Steve_Omohundro comments on Limitations on Formal Verification for AI Safety

Steve_Omohundro 20 Aug 2024 21:13 UTC
7 points
2
Simulation of the time evolution of models from their dynamical equations is only one way of proving properties about them. For example, a harmonic oscillator https://en.wikipedia.org/wiki/Harmonic_oscillator has dynamical equations m d^2x/dt^2= -kx. You can simulate that but you can also prove that the kinetic plus potential energy is conserved and get limits on its behavior arbitrarily far into the future.
- Seth Herd 20 Aug 2024 22:11 UTC
  6 points
  0
  Parent
  Sure but seems highly unlikely there are any such neat simplifications for complex cognitive systems built from neural networks.
  
  Other than “sapient beings do things that further their goals in their best estimation”, which is a rough predictor, and what we’re already trying to focus on. But the devil is in the details, and the important question is about how the goal is represented and understood.
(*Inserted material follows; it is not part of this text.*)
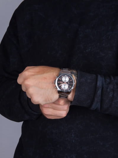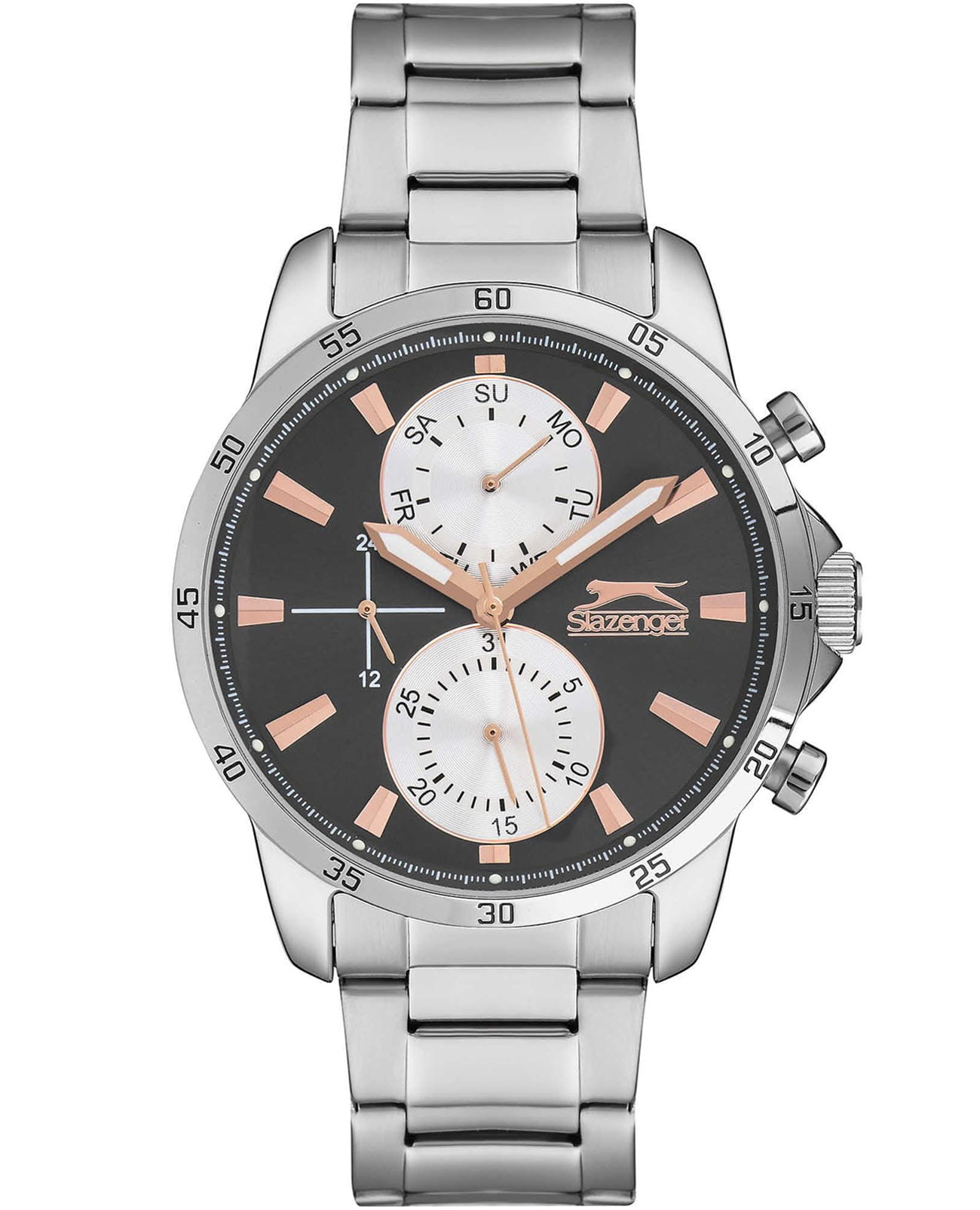Часы Slazenger SL.09.6547.2.04 — это стильный и надежный аксессуар, который подчеркивает индивидуальность своего владельца. Изысканный корпус и браслет выполнены из прочного суперметалла. Черный циферблат надежно защищен минеральным стекломМинеральное стеклоМинеральное стекло представляет собой искусственно выращенный минерал кварца. Такое стекло отличается особой устойчивостью к повреждениям и царапинам. Уступает по некоторым качествам сапфировому стеклу., устойчивым к царапинам и механическим повреждениям. Модель оснащена кварцевым механизмом, что гарантирует высокую точность хода. На отдельные циферблаты вынесены указатели 24-часового времени, даты и дня недели, что делает использование часов особенно удобным в повседневной жизни. Браслет с раскладной застёжкойРаскладная застёжкаТакой тип застёжки используется только на браслетах из металла. Она никогда не раскрывается полностью, происходит разделение на 2 и более частей. Раскладывающая застёжка снизит вероятность потери часов к минимуму., обеспечивающей комфортную посадку. Водозащита 5 АТМ позволяет не беспокоиться о случайных брызгах или дожде. Часы с люминесцентным покрытиемЛюминесцентное покрытиеПозволяет считывать показания времени в темноте. Производители наносят на стрелки, часовые индексы, безель или поверхность циферблата светонакопительный состав, дающий холодное свечение. удобно подсвечиваются в темноте после зарядки на свету. Диаметр корпуса составляет 44 мм, толщина — 12 мм, что обеспечивает комфортное ношение на запястье. Часы станут отличным выбором для повседневного использования или дополнения к деловому образу, а также послужат отличным подарком на любой праздник.

  - Steve_Omohundro 20 Aug 2024 22:41 UTC
    11 points
    2
    Parent
    Oh yeah, by their very nature it’s likely to be hard to predict intelligent systems behavior in detail. We can put constraints on them, though, and prove that they operate within those constraints.
    Even simple systems like random SAT problems https://en.wikipedia.org/wiki/SAT_solver can have a very rich statistical structure. And the behavior of the solvers can be quite unpredictable.
    In some sense, this is the source of unpredictability of cryptographic hash functions. Odet Goldreich proposed an unbelivable simple boolean function which is believed to be one-way: https://link.springer.com/chapter/10.1007/978-3-642-22670-0_10
    On the other hand, I think it is often possible to distill behavior for a particlular task from a rich intelligence into simple code with provable properties.